After over 30 years of service as one of the navy’s top pilots, Pete “Maverick” Mitchell (Tom Cruise) is highly-decorated, yet maintains his rank as a Captain to remain flying. When we catch up with “Mav,” he makes the call to go through with the test-flight of a plane at Mach 10… despite the program having been shut down mere minutes prior. Technically the flight is successful, but Mav decides to go beyond Mach 10, and blows out his engines — still the same envelope-pusher after all these years.
Although his stunt is more than enough to have him permanently grounded, Mav is ordered out to TOPGUN — the US navy’s program for training the best fighter pilots — by none other than “Iceman” Kazansky (Val Kilmer), now an Admiral. Upon arrival, Mav learns of Iceman’s intentions for him: training a group of young aviators in preparation for a near-impossible bombing run.
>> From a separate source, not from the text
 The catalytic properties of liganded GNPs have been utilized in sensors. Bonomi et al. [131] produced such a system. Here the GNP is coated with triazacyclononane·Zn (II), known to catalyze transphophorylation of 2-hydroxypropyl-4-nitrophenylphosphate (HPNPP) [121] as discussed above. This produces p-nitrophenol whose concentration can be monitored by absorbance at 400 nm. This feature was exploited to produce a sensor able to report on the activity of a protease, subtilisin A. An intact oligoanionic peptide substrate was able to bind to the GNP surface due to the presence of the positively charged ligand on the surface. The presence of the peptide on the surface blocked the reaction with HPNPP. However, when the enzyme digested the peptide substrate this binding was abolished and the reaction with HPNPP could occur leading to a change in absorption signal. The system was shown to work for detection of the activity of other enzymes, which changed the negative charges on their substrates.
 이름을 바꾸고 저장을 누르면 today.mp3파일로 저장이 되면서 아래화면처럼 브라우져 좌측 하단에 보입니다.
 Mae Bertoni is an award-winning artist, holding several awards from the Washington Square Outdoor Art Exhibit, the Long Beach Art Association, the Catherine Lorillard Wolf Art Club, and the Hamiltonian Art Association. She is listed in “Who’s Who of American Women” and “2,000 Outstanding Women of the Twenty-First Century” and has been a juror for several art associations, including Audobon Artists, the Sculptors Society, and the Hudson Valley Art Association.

Among the group is none other than Bradley “Rooster” Bradshaw (Miles Teller), the son of Mav’s late copilot, “Goose.” Rooster’s inclusion in the team forces Mav to further face and come to terms with his guilt surrounding Goose’s death if he can ever hope to get the team ready for the mission.
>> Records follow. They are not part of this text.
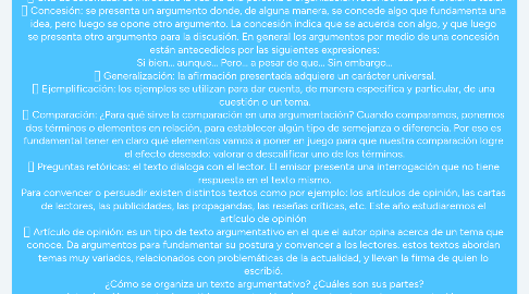 ¿Qué recursos se pueden utilizar para convencer a los lectores? Se fundamenta una posición u opinión con más precisión y legitimidad si se presentan distintas expresiones que dan mayor fuerza a la argumentación. Cita de autoridad: se introduce la voz de una persona u organización reconocidas para avalar la tesis. Concesión: se presenta un argumento donde, de alguna manera, se concede algo que fundamenta una idea, pero luego se opone otro argumento. La concesión indica que se acuerda con algo, y que luego se presenta otro argumento para la discusión. En general los argumentos por medio de una concesión están antecedidos por las siguientes expresiones: Si bien… aunque... Pero… a pesar de que… Sin embargo… Generalización: la afirmación presentada adquiere un carácter universal. Ejemplificación: los ejemplos se utilizan para dar cuenta, de manera específica y particular, de una cuestión o un tema. Comparación: ¿Para qué sirve la comparación en una argumentación? Cuando comparamos, ponemos dos términos o elementos en relación, para establecer algún tipo de semejanza o diferencia. Por eso es fundamental tener en claro qué elementos vamos a poner en juego para que nuestra comparación logre el efecto deseado: valorar o descalificar uno de los términos. Preguntas retóricas: el texto dialoga con el lector. El emisor presenta una interrogación que no tiene respuesta en el texto mismo. Para convencer o persuadir existen distintos textos como por ejemplo: los artículos de opinión, las cartas de lectores, las publicidades, las propagandas, las reseñas críticas, etc. Este año estudiaremos el artículo de opinión Artículo de opinión: es un tipo de texto argumentativo en el que el autor opina acerca de un tema que conoce. Da argumentos para fundamentar su postura y convencer a los lectores. estos textos abordan temas muy variados, relacionados con problemáticas de la actualidad, y llevan la firma de quien lo escribió. ¿Cómo se organiza un texto argumentativo? ¿Cuáles son sus partes? Introducción o punto de partida: presenta el hecho que da origen a la argumentación. Tesis: expresa explícita o implícitamente la idea u opinión del emisor. Demostración o desarrollo argumentativo: presenta las razones que conducirán a la aceptación de la tesis para lo cual se usan diversas estrategias argumentativas.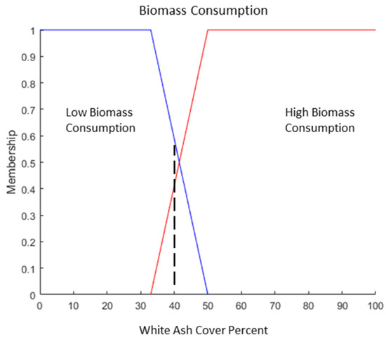 Biomass Consumption Fuzzy Set Membership. With 40 percent White Ash Cover denoted by the dotted line, there is 0.41 membership in High Biomass Consumption and 0.59 membership in Low Biomass Consumption.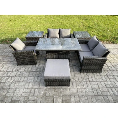 7pcs Rattan Outdoor Garden Furniture Set Height Adjustable Rising Lifting Table Sofa Dining with 2 Side Tables Big Footstool Dark Grey Mixed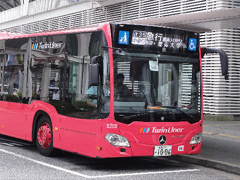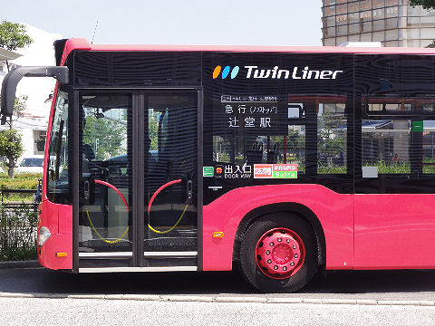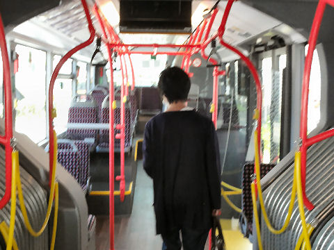 ツインライナーに乗ってみた墓参りに行くのに朝の最後のバスを利用、さすがに10時過ぎで混んではいない。 急行なので途中の西高校前までノンストップ(朝の駅方向は完全ノンストップのよう)で運行、 連接バスだがエンジンは後ろ側にあって前半分を押して進むという構造。 |

Top Gun: Maverick had a lot going against it, not the least of which being the 35 years since its predecessor captured audience hearts with its instantly recognizable soundtrack, endlessly quotable dialogue, and its particularly scrumptious beach-volleyball scene. Fortunately, Top Gun: Maverick not only does justice to its predecessor, but actually manages to “out-Top-Gun” it. This is everything you want in an action blockbuster.
Obviously the selling point is the flight sequences. I’ll say this right off the bat… the climax here is one of the most exciting sequences I’ve seen from any action movie in recent years; it’s full of twists and turns, it’s captivating and gripping, and it’s sure to keep your eyes glued to the screen. And yeah, since it’s a Tom Cruise movie — the last true action hero, if we’re being honest — the majority of flight scenes were actually filmed by actors whilst actually flying in actual planes. I mean, even the TRAINING sequences are a wonder to watch… it really goes to show how much more effective practical effects can be than chunks of poor CGI and green screens can ever hope to be.
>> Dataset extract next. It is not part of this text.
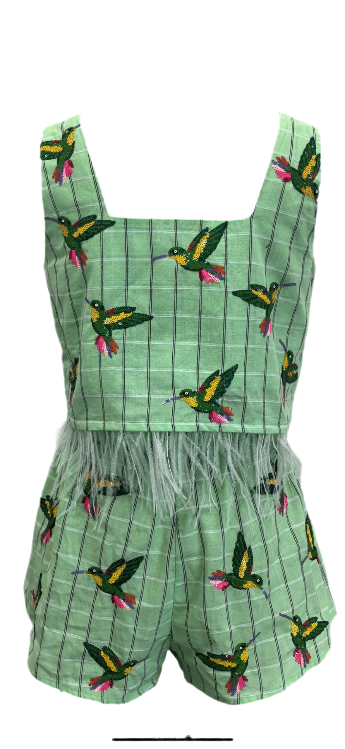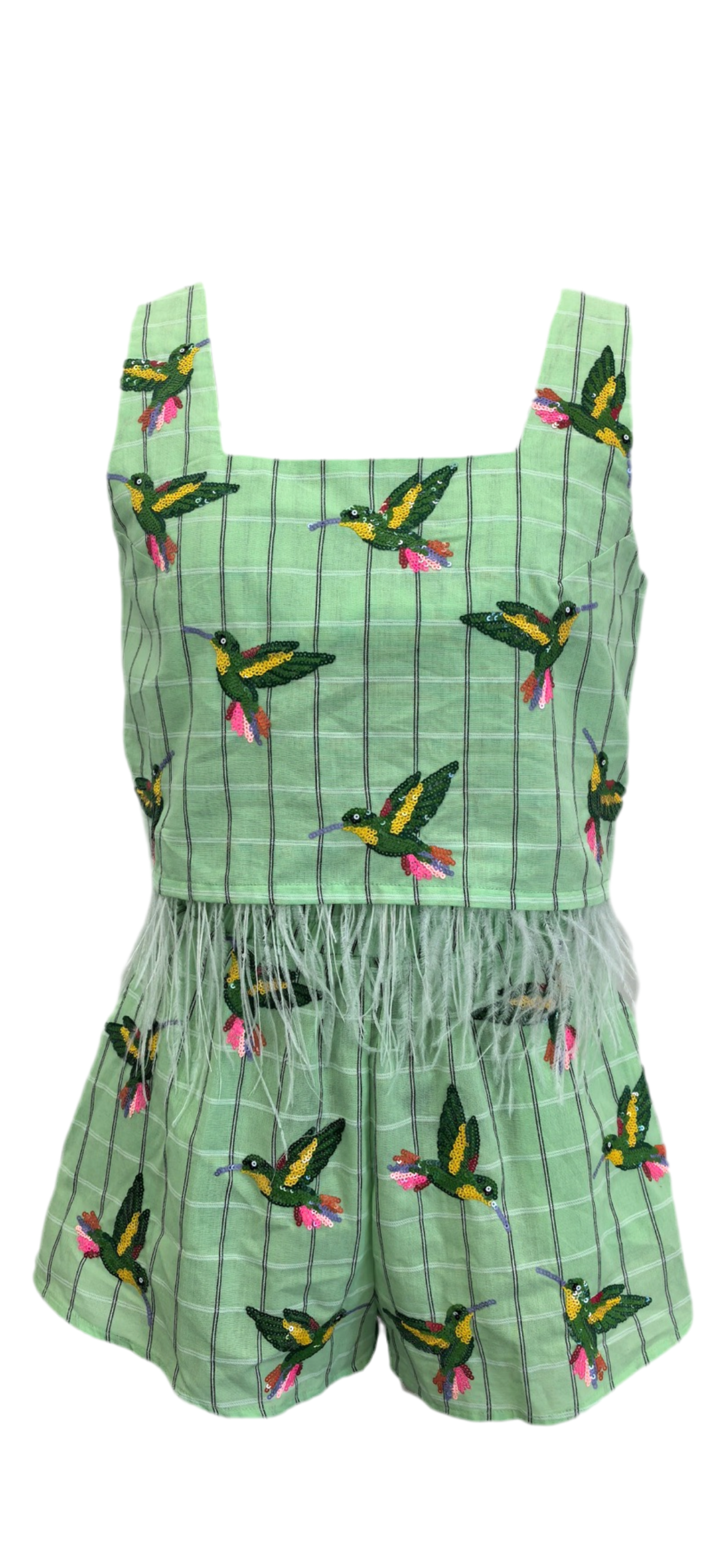 Queen of Sparkles Green Plaid Hummingbird Bird Feather Tank

The one truly great thing about the original Top Gun, the weight of Goose’s death, is used to its full effect here. Sure, the silly rivalry of the first movie is charming at times, but it’s a lot less effective a conflict than one made of decades of festering guilt, trauma, and resentment coming to their dramatic resolution. Both Teller and Cruise approach this dynamic with the utmost tact: the former plays Rooster as a bitter pilot whose trauma drives him as much as it pains him, and the latter gives us a more mature and experienced look at Maverick… one who is determined not to let the fate of his best friend also befall his son, often to a fault.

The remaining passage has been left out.